Grace’s tears spilled over, scalding her cheeks. “Yes, he loved me—that much I
am
sure of.”

“What you don’t know, then, is where your mother figures in all this.”

Grace remembered Mother’s impending visit, and clapped a hand to her mouth. “Oh, God, she’ll be here in two weeks!”

“Are you going to tell her?”

Grace thought for a moment, then said, “I have to. But I have a feeling she might already know—even if it’s only deep down.”

“Does this mean you’re planning to revise your book?” His expression gave away only a hint of the expectation he had to be feeling.

She put her hand on Jack’s knee, feeling more steady than she had in the past several hours. “Yes,” she told him. “Not because it’ll help Cadogan—and don’t get me wrong, because I
do
want what’s best for you, too—but for me. I think, in some ways, I’ve always known there was something missing from our perfect family portrait. I didn’t know what it was, but that didn’t stop me from looking. Maybe that’s what made me decide to write this book in the first place.”

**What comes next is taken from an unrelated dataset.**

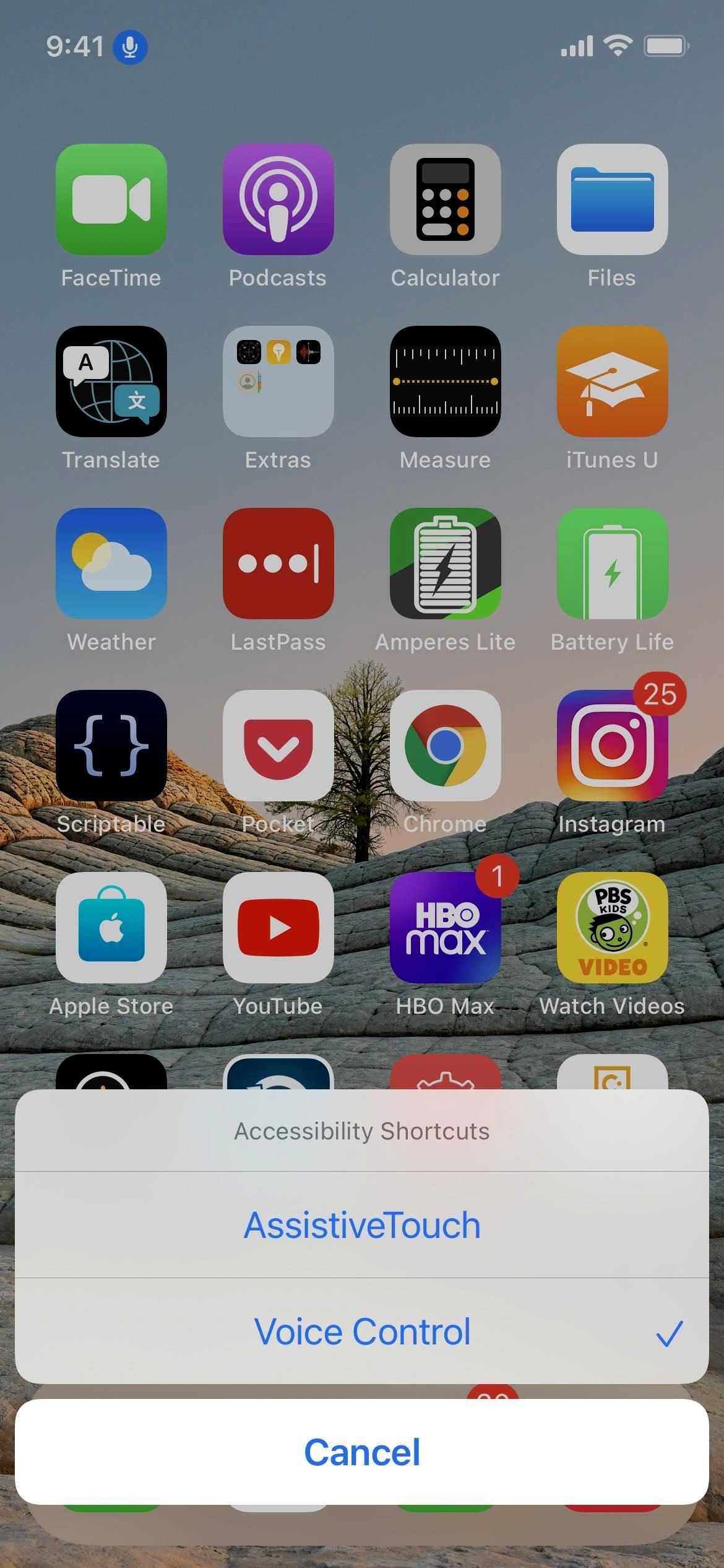 - Настройте ярлык специальных возможностей. Перейдите в «Настройки» -> «Специальные возможности» -> «Ярлык специальных возможностей» и установите флажок «Голосовое управление». Затем каждый раз, когда вы трижды нажимаете боковую кнопку или кнопку «Домой», включается/выключается голосовое управление. Если ярлыку назначено не только голосовое управление, его нужно будет выбрать в меню после тройного щелчка.
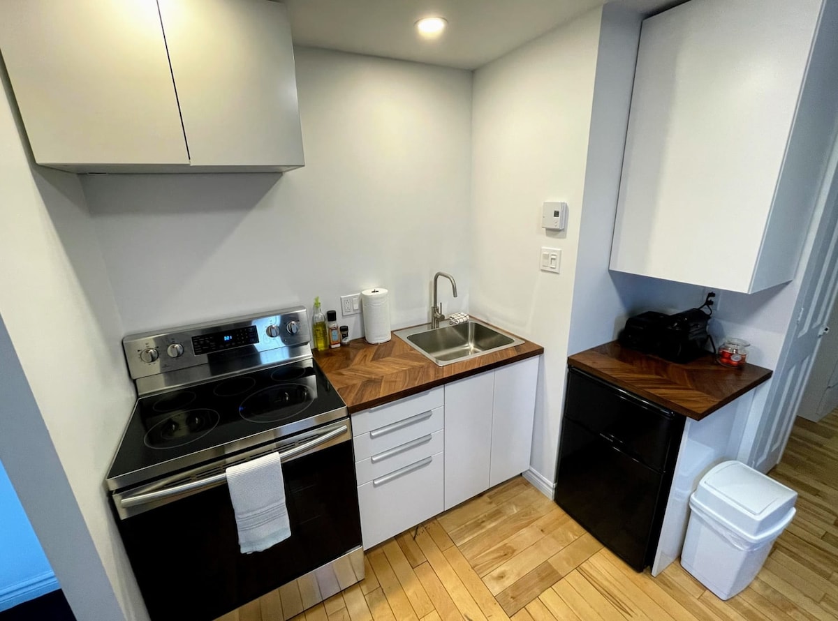 Cómodo apartamento con capacidad para al menos 4 personas. Posibilidad de acomodar a 1 persona más por un suplemento (30 $ más por noche) La tercera habitación incluye una cama de campaña Muy cerca del centro de la ciudad y a pocos minutos a pie de una tienda de comestibles y a unos 10 minutos a pie del corazón del centro de la ciudad, donde se encuentran muchos restaurantes,tiendas,cafeterías,SAQ,etc. Fácil acceso al carril bici.

Jack smiled. “I can’t help thinking of that Chinese curse: Be careful what you ask for—you might get it.”

Grace stood up. “I’d better be off. I told Chris I wouldn’t be gone long.”

“I’ll drive you, then.”

“Jack, you don’t have to—”

He hushed her with a kiss. “There have to be some things in life you can count on. I’m one of them.”

Can I really count on you?
Grace wondered. If both Win and her father—whom she had counted on and believed in the way she’d believed in the epistles taught to her in Catechism—could let her down so profoundly, then could she trust that Jack wouldn’t as well?

An hour later, as Grace was getting ready for bed, she paused in the midst of brushing her teeth, arrested by a startling thought:
Nola is more like me than Sissy is.
Shaken by the realization, she rinsed her mouth, and dropped her toothbrush onto the marble counter next to an apothecary jar filled with odds and ends—tiny jewel-like seashells, old marbles, buttons, sequins, and beads—she had picked up here and there over the years.

She stared at her reflection in the mirrored medicine cabinet, absently noting the paleness of her skin and the dark circles under her eyes. One word echoed in her head:
sister.
Now that the shock was beginning to wear off, she wondered what it would be like having Nola as a sister.